第二天早上,周海比我先醒,廚房裏水壺燒開了。
我走出去,他正把一杯溫水放在餐桌邊,杯口朝向我慣常坐的位置,旁邊擺著一袋堅果和一個護腰靠墊。
“給你的。”
“護腰二手市場淘的,九成新,原價三百多才八十。”
“堅果臨期的,剝了殼一樣吃。”
我沒碰堅果,先看那張方案。
還折在原來的地方,邊角壓出一道白痕。
周海把早餐推過來。
“我聯係了一個崗位,薪資比現在高,過了試用期會好一點。”
“試用期多久?”
“半年。”
“什麼時候入職?”
“還在談。
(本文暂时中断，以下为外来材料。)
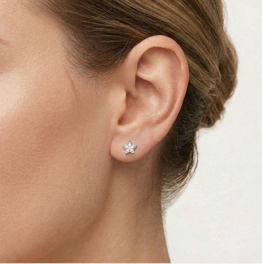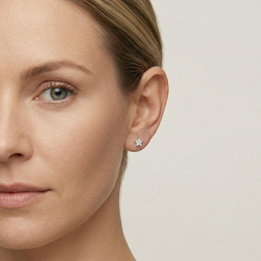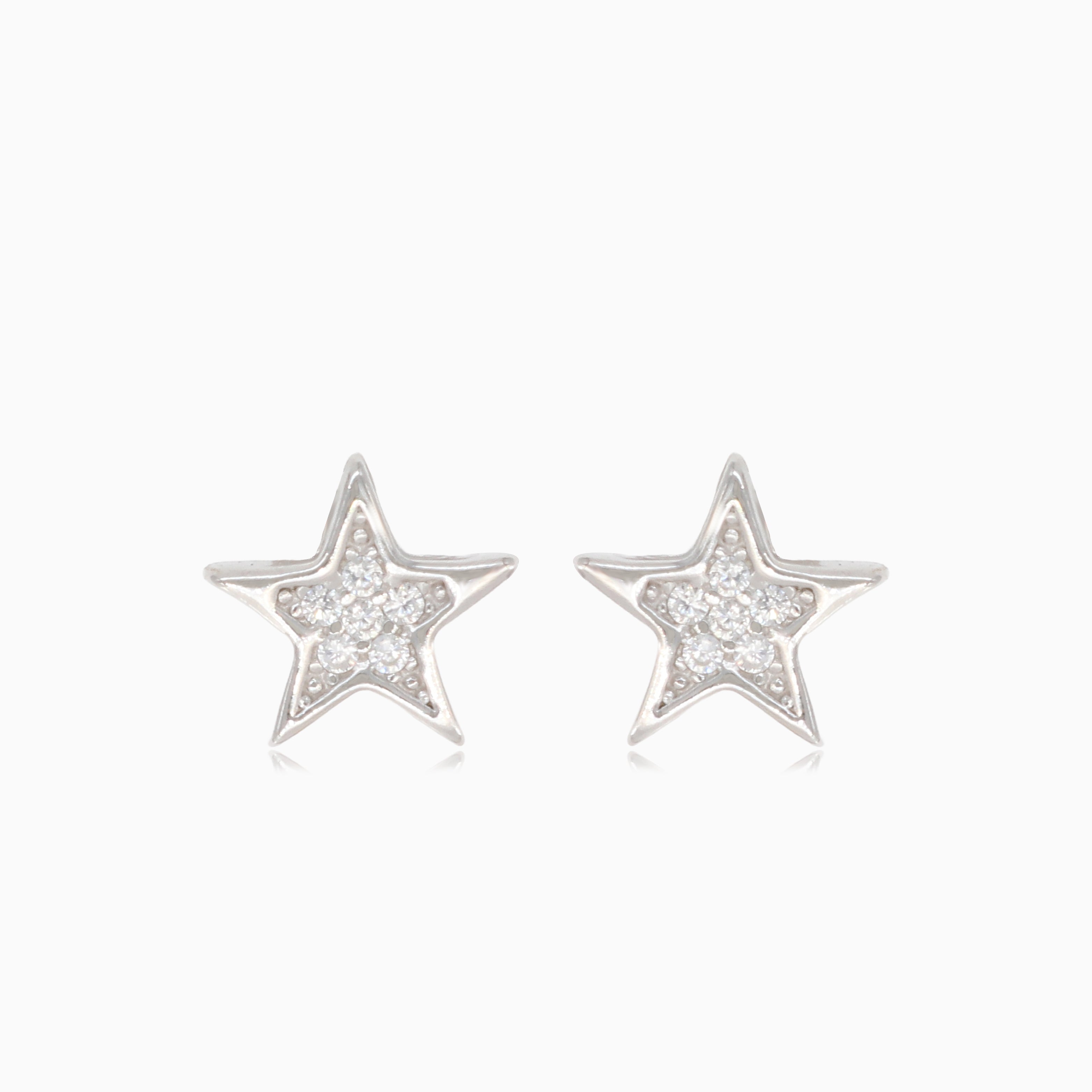 Rozkošné stříbrné hvězdicové náušnice zdobené třpytivými zirkony, které dodají vašemu outfitu nebeské kouzlo.
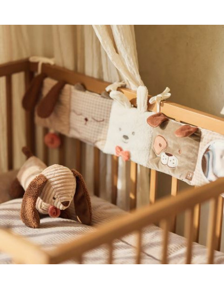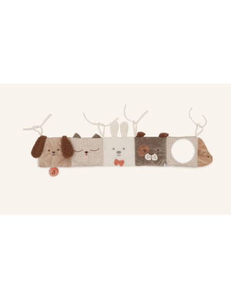 Ce jouet activité offre plein de possibilités de jeu : des petits miroirs pour éveiller la curiosité, des clochettes pour stimuler l’ouïe, du papier froissé pour explorer, et des tissus tout doux à câliner. Grâce aux cordons, il se fixe facilement au parc. C’est un cadeau de naissance idéal !
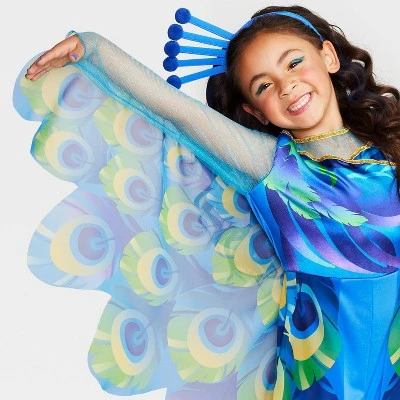 This Posh Peacock Halloween Costume Dress with Headpiece from Hyde & EEK! Boutique™ gives your kid a unique and colorful option for Halloween. Made from lightweight fabric to keep them comfy during trick-or-treating, this costume showcases a blue ankle-length dress with colorful peacock patterning and mesh long sleeves with attached wings, and it also comes with a blue peacock headpiece. They can add coordinating makeup and shoes of their choice to complete the look.
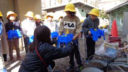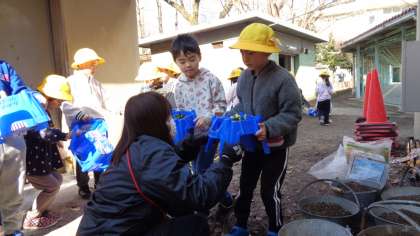 卒業式と入学式で飾るビオラを植えてくれていました。

”
“沒談成呢?”
他拿筷子的手停住,不耐煩全寫在臉上。
“你非要把最壞的情況都擺出來?每次有事你都逼我!”
“是誰把所有事撒手不管,最壞的情況全留給我兜底了?”
他抿緊嘴,打開手機房貸提醒,屏幕上一串扣款數字,開始了他最擅長的算賬。
“除去房貸、爸媽藥費和日常開銷,賬戶隻夠撐四個月。”
“你請假做治療扣全勤,方案裏進口藥這麼貴,不考慮性價比?”
“我沒說隻讓你承擔。”
“可你一直逼我拿錢出來做這種穩賠不賺的事!”
“我逼你的是今天像個男人一樣給個答案,不是今天變有錢。”
他把手機扣在桌上。
“你能不能再等一等?”
我握著杯子,杯壁的熱氣貼在指腹上。
三十歲生日,我們住在沒電梯的舊樓裏,周海煮了一鍋清水麵,把僅有的雞蛋夾到我碗裏,說等有了自己的廚房,窗邊要放一張兒童餐椅。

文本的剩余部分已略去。